> [Data shown]:
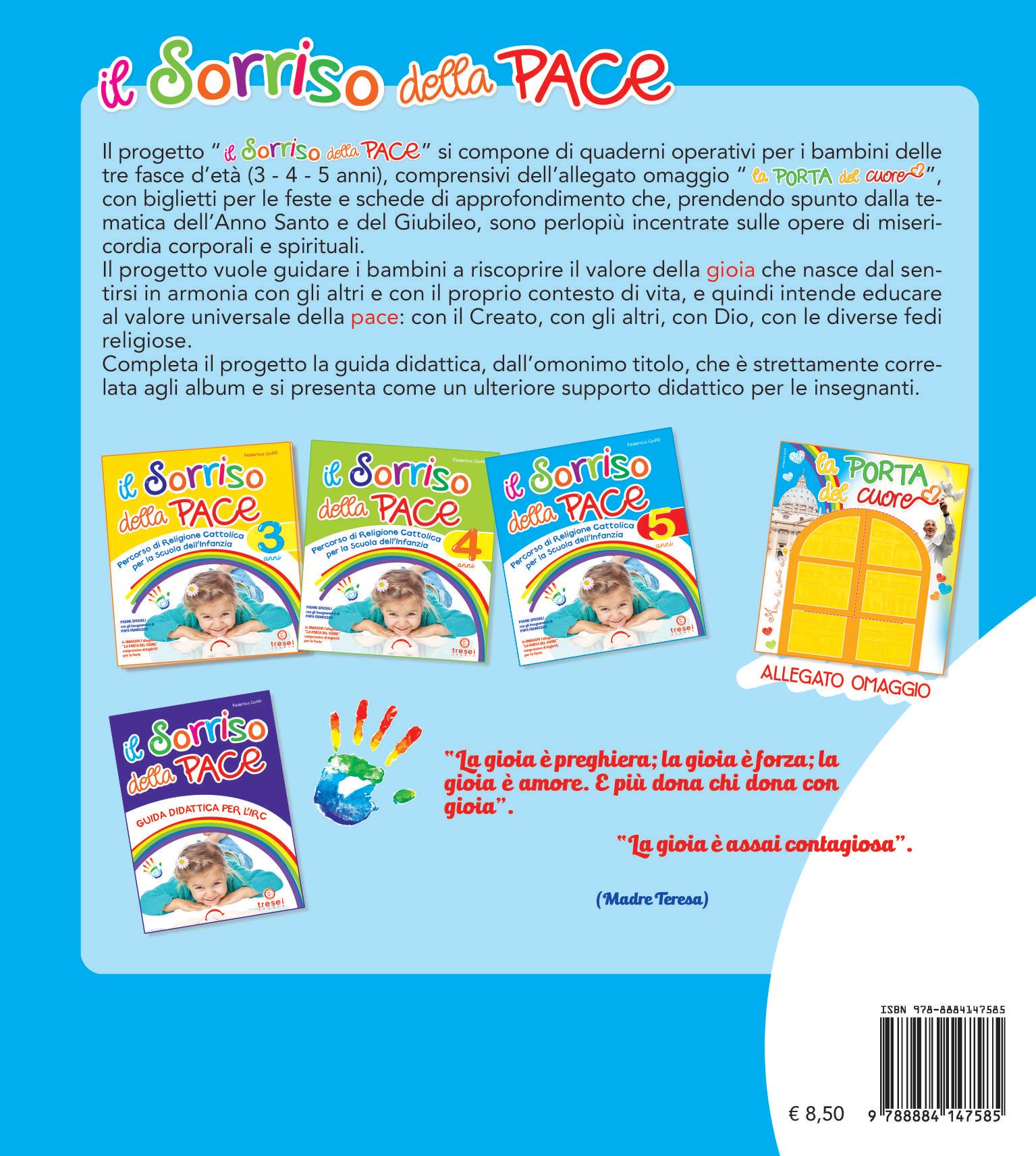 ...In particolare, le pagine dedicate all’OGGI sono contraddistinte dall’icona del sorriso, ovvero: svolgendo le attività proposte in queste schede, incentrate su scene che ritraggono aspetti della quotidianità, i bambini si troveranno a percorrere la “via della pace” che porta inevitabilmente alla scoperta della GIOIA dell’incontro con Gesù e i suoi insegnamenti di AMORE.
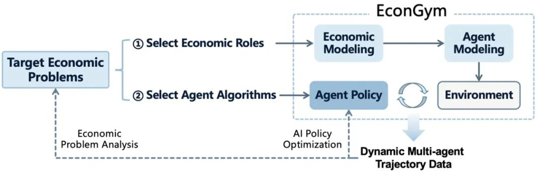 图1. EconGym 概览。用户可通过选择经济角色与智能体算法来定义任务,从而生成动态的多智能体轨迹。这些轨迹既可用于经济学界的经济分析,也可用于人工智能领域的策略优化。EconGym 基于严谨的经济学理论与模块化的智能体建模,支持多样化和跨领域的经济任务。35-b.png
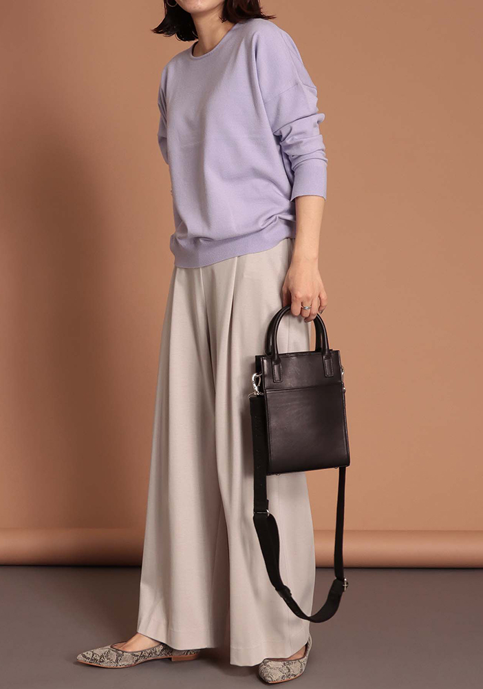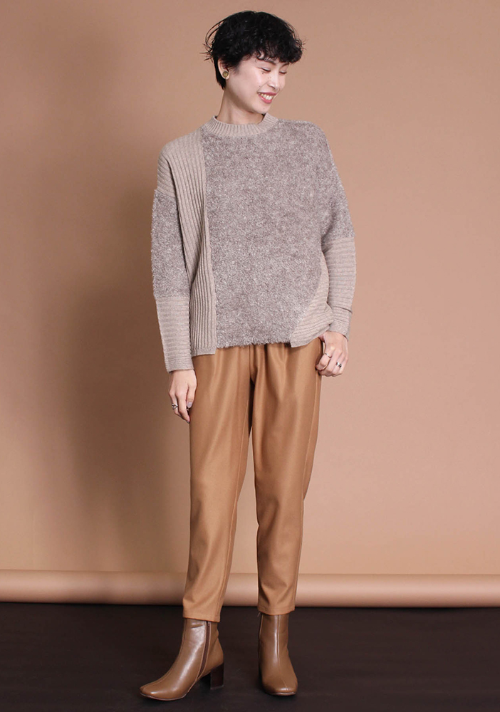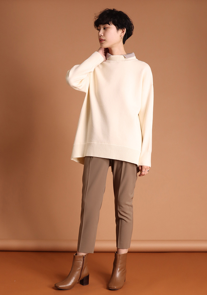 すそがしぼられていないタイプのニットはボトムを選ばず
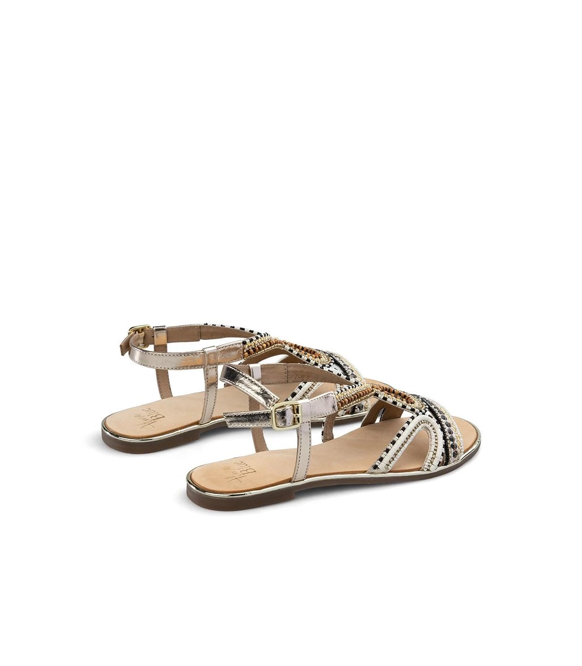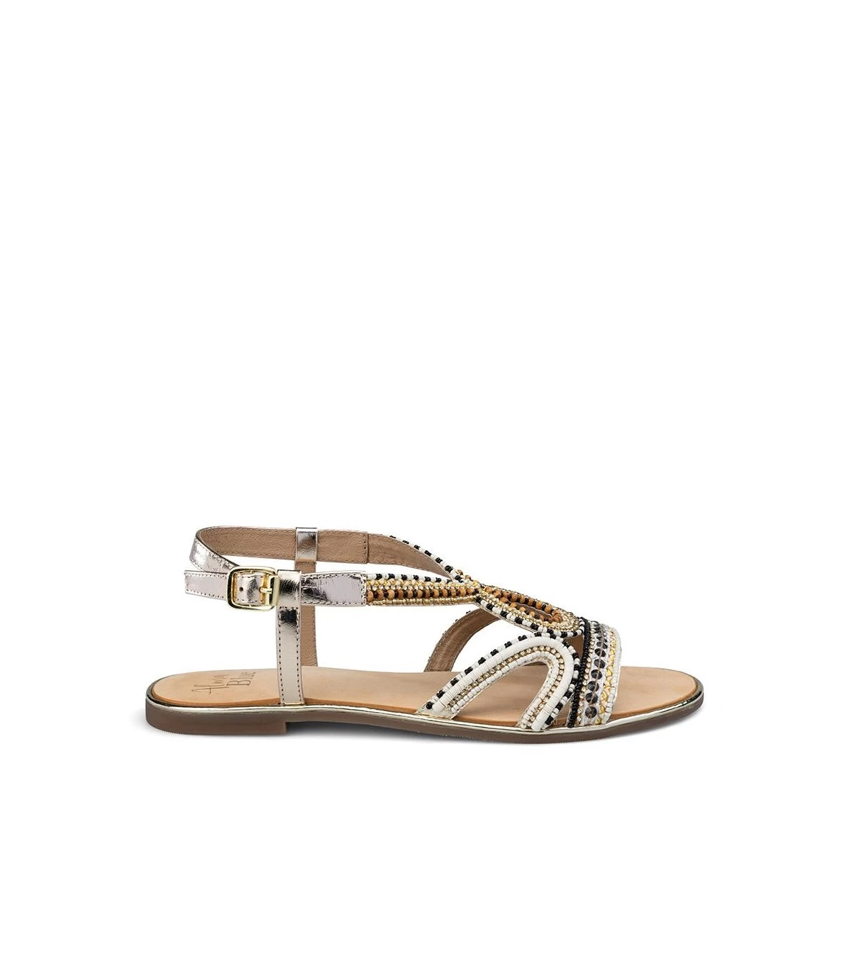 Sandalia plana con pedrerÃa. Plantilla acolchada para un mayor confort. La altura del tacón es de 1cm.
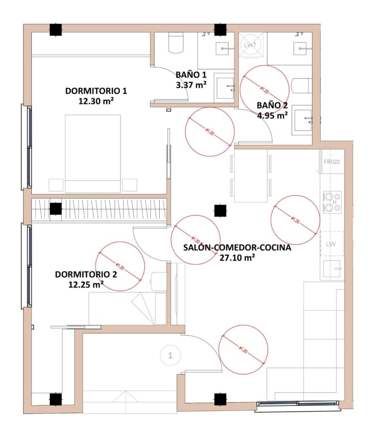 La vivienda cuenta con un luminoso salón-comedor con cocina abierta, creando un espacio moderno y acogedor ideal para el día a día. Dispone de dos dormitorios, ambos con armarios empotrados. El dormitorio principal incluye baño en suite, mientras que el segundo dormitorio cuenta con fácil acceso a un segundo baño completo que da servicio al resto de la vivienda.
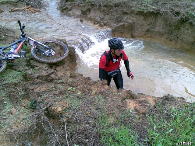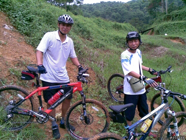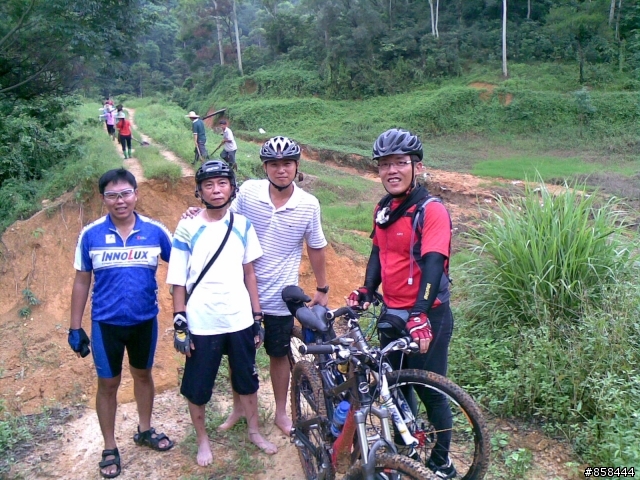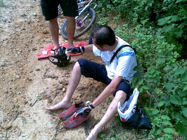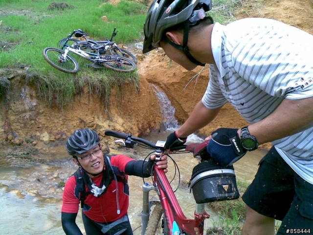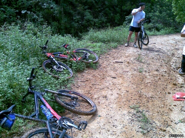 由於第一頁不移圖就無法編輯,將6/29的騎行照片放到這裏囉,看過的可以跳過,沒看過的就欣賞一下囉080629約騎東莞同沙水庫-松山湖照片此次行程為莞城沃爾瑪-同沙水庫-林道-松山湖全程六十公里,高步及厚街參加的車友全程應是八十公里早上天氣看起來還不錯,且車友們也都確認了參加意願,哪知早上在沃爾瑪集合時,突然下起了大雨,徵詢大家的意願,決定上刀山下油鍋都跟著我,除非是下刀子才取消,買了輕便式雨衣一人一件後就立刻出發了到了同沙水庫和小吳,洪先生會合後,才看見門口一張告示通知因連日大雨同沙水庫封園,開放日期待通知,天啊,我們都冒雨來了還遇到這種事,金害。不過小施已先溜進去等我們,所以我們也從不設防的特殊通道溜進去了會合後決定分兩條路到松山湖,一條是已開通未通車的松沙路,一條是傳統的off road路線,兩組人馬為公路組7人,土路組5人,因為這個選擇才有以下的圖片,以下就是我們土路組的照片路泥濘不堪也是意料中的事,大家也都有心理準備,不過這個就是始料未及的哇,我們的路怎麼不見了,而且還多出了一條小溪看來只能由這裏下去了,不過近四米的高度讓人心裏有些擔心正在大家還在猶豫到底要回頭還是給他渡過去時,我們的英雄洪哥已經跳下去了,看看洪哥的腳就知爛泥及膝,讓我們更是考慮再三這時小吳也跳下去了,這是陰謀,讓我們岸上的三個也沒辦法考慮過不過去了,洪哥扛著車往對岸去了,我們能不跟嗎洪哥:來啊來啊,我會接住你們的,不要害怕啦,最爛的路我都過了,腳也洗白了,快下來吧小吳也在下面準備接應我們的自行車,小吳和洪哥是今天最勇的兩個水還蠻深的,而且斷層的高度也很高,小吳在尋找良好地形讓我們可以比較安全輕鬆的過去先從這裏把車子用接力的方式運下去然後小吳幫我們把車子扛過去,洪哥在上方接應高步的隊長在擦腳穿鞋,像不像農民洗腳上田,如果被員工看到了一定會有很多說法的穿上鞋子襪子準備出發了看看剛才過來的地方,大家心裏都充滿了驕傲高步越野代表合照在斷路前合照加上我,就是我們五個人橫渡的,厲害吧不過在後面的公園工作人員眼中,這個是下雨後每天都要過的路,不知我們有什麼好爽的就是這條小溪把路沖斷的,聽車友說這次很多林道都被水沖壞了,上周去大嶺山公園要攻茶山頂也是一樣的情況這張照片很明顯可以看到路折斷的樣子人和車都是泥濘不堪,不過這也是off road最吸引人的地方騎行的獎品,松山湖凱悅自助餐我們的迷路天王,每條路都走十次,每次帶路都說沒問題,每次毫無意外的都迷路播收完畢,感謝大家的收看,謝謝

> [Work to complete]:
The expected output is the exact run of lines from the first line of the material above through the line that contains "すそがしぼられていないタイプのニットはボトムを選ばず", minus any pictures.

> [Answer below]:
 ...In particolare, le pagine dedicate all’OGGI sono contraddistinte dall’icona del sorriso, ovvero: svolgendo le attività proposte in queste schede, incentrate su scene che ritraggono aspetti della quotidianità, i bambini si troveranno a percorrere la “via della pace” che porta inevitabilmente alla scoperta della GIOIA dell’incontro con Gesù e i suoi insegnamenti di AMORE.
 图1. EconGym 概览。用户可通过选择经济角色与智能体算法来定义任务,从而生成动态的多智能体轨迹。这些轨迹既可用于经济学界的经济分析,也可用于人工智能领域的策略优化。EconGym 基于严谨的经济学理论与模块化的智能体建模,支持多样化和跨领域的经济任务。35-b.png
 すそがしぼられていないタイプのニットはボトムを選ばず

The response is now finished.